The final number of Act 1, titled “It Takes All of Us,” was described by Clark and Mizrach to be a very important moment in the show, as the campus is responding to an incident of bias.
“We captured a bunch of different perspectives on what that situation … means for Black Americans when there's a big event in the news and when someone is murdered by the state, or when there's another incident of police violence … and what it feels like and what it sounds like and what it is like to experience that as a Black student at a [predominantly white institution],” Clark said. “The big climactic moment in the tune is actually when one of the white characters in the show stands up at the end of the song and starts singing about her perspective … we wanted to show what it feels like and what it looks like and what it sounds like when these things actually do happen on campus … all those Black voices on stage while she's singing, are still, and are silent, and can't say anything or do anything about what she's doing.”

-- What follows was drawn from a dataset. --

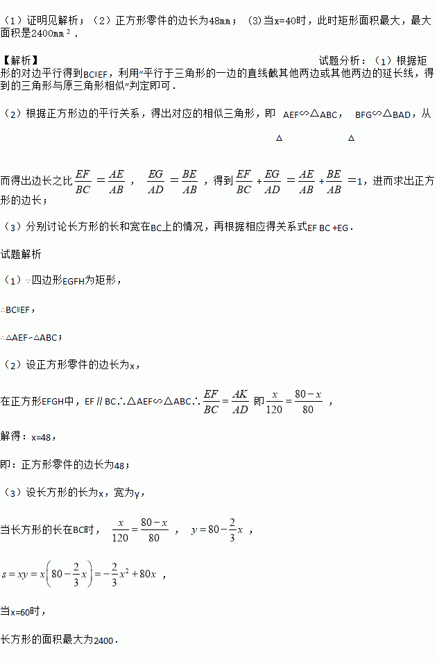 (3)如果把它加工成矩形零件如图2,当EG宽为多少mm时,矩形有最大面积,最大面积是多少?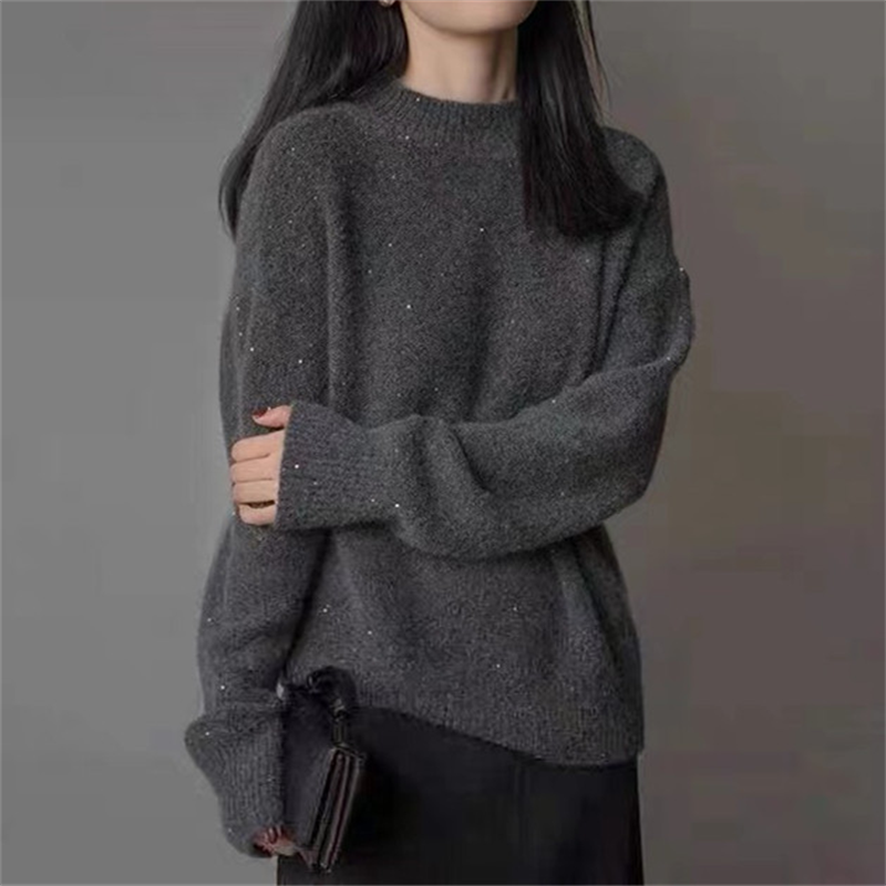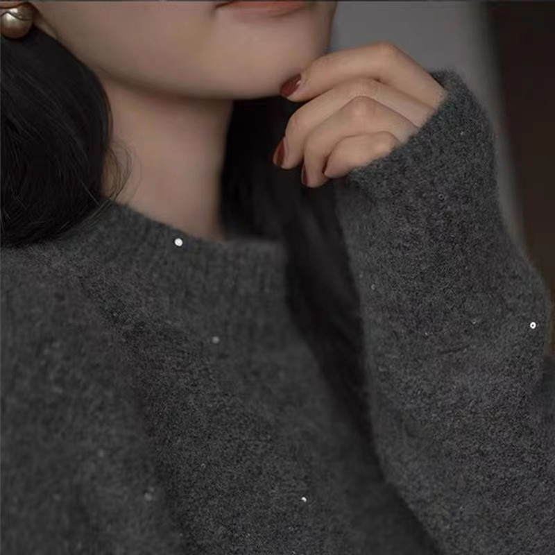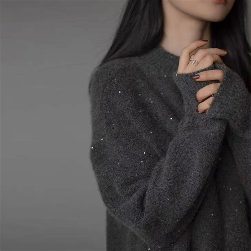 Raccoon velvet Starry Sky sequin sweater women in early spring 2022 base shirt loose padded soft glutinous knitted outer wear

Having Clark and Mizrach in rehearsals and for the realization process has been, according to Parent, “harmonious.”
“This is my first time directing a world premiere and it's an interesting process to have the writers in the room,” Parent said. “It can be a really challenging situation where maybe the directors and the writers aren't aligned ... but this has been amazing.”
Remarkably, neither Clark nor Mizrach had any playwriting experience before “Almanac,” but both expressed deep connections with work they had done.
“One thing I kind of want to be known about this process is how natural it's felt and how much it's felt like a calling all the way through,” Clark said. “There have been a lot of times … where it would have been really easy for us to just be like, ‘Why are we doing this, it doesn't make any sense,’ but to have … so many people believe in what we're doing … has been such a life-changing experience."
Mizrach too expressed his gratitude for the support that he and Clark have received.
“While [Clark] and I can sort of take credit for the creation and conception of this, I will say that to put this together takes a big team and foresight that we could personally just never put together,” Mizrach said. “The depth and breadth of personnel that this requires, and their trust in us to see through this vision is miraculous and we're just honored and humbled by their support.”
Act ! and selections from Act 2 of “Almanac” will be performed in the Cohen Auditorium in the Aidekman Arts Center on Nov. 4–6 and Nov. 12–14. Tickets will be available at the Aidekman box office oronline.